## TASK INSTRUCTIONS
Aside from the pictures, copy the listing exactly.

## DATA SUPPLIED
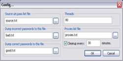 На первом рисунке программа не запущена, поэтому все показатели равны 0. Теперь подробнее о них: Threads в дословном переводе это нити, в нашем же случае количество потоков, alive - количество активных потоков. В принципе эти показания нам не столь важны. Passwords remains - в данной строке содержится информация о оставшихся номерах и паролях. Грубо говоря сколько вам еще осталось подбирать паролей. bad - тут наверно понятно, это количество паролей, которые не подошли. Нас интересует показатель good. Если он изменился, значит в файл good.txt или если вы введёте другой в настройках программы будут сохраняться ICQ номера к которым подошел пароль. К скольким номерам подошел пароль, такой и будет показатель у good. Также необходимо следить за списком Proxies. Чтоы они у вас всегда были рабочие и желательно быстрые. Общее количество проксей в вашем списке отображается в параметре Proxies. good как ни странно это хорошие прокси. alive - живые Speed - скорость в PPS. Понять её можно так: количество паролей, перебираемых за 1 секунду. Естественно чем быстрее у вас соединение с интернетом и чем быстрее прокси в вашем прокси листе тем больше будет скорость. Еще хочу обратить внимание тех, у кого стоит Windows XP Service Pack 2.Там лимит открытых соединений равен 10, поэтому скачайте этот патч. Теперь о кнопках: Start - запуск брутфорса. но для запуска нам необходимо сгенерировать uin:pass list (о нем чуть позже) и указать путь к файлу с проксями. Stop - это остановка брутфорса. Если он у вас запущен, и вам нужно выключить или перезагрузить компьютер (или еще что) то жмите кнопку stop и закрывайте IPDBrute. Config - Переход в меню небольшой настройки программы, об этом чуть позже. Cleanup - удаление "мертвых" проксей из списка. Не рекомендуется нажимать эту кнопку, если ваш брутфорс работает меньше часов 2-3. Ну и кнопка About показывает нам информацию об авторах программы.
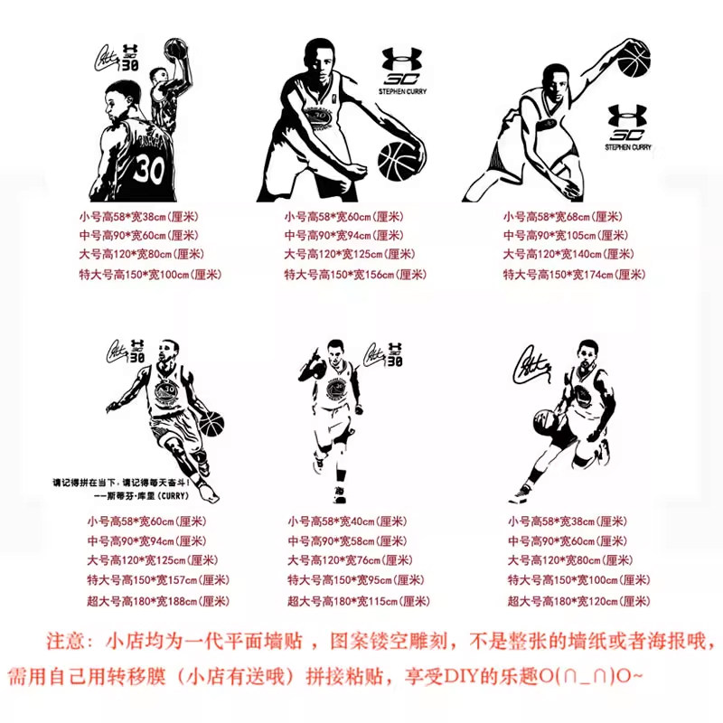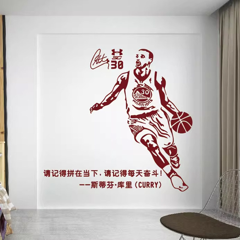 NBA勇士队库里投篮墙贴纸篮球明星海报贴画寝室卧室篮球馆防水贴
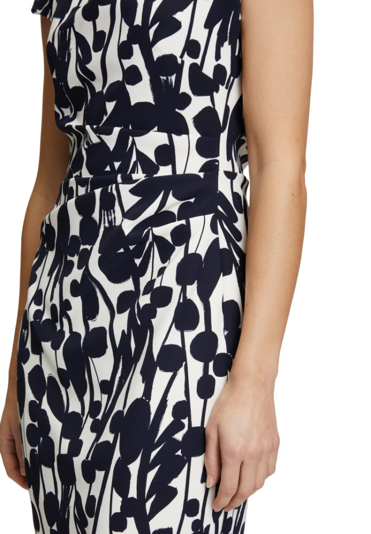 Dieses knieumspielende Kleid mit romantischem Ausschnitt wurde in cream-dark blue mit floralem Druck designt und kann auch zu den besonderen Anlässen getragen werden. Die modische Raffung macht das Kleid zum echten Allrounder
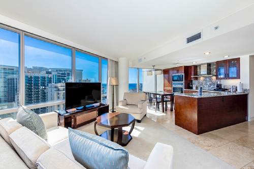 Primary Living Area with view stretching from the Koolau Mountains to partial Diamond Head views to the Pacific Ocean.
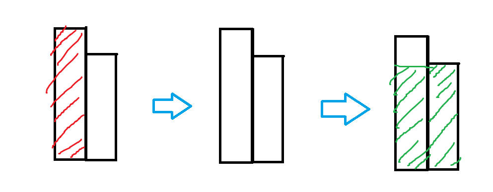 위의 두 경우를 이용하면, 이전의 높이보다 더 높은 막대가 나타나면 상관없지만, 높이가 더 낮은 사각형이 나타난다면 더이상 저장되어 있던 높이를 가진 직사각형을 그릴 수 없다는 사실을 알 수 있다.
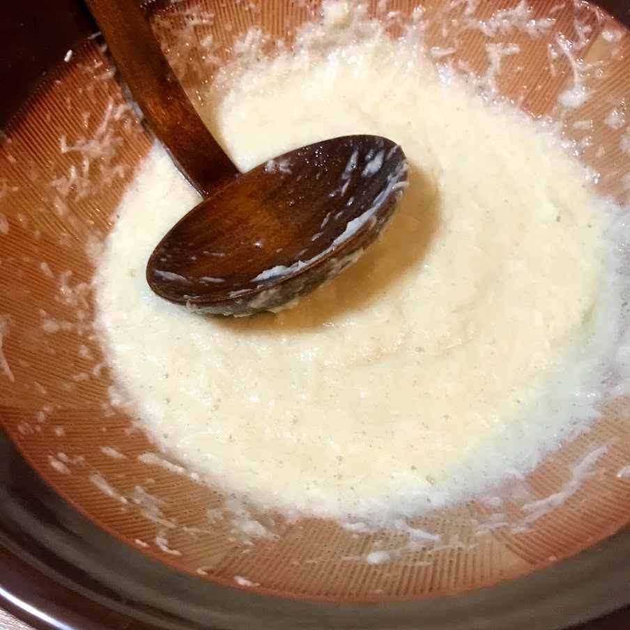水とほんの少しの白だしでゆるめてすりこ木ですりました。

## ANSWER
 На первом рисунке программа не запущена, поэтому все показатели равны 0. Теперь подробнее о них: Threads в дословном переводе это нити, в нашем же случае количество потоков, alive - количество активных потоков. В принципе эти показания нам не столь важны. Passwords remains - в данной строке содержится информация о оставшихся номерах и паролях. Грубо говоря сколько вам еще осталось подбирать паролей. bad - тут наверно понятно, это количество паролей, которые не подошли. Нас интересует показатель good. Если он изменился, значит в файл good.txt или если вы введёте другой в настройках программы будут сохраняться ICQ номера к которым подошел пароль. К скольким номерам подошел пароль, такой и будет показатель у good. Также необходимо следить за списком Proxies. Чтоы они у вас всегда были рабочие и желательно быстрые. Общее количество проксей в вашем списке отображается в параметре Proxies. good как ни странно это хорошие прокси. alive - живые Speed - скорость в PPS. Понять её можно так: количество паролей, перебираемых за 1 секунду. Естественно чем быстрее у вас соединение с интернетом и чем быстрее прокси в вашем прокси листе тем больше будет скорость. Еще хочу обратить внимание тех, у кого стоит Windows XP Service Pack 2.Там лимит открытых соединений равен 10, поэтому скачайте этот патч. Теперь о кнопках: Start - запуск брутфорса. но для запуска нам необходимо сгенерировать uin:pass list (о нем чуть позже) и указать путь к файлу с проксями. Stop - это остановка брутфорса. Если он у вас запущен, и вам нужно выключить или перезагрузить компьютер (или еще что) то жмите кнопку stop и закрывайте IPDBrute. Config - Переход в меню небольшой настройки программы, об этом чуть позже. Cleanup - удаление "мертвых" проксей из списка. Не рекомендуется нажимать эту кнопку, если ваш брутфорс работает меньше часов 2-3. Ну и кнопка About показывает нам информацию об авторах программы.
 NBA勇士队库里投篮墙贴纸篮球明星海报贴画寝室卧室篮球馆防水贴
 Dieses knieumspielende Kleid mit romantischem Ausschnitt wurde in cream-dark blue mit floralem Druck designt und kann auch zu den besonderen Anlässen getragen werden. Die modische Raffung macht das Kleid zum echten Allrounder
 Primary Living Area with view stretching from the Koolau Mountains to partial Diamond Head views to the Pacific Ocean.
 위의 두 경우를 이용하면, 이전의 높이보다 더 높은 막대가 나타나면 상관없지만, 높이가 더 낮은 사각형이 나타난다면 더이상 저장되어 있던 높이를 가진 직사각형을 그릴 수 없다는 사실을 알 수 있다.
水とほんの少しの白だしでゆるめてすりこ木ですりました。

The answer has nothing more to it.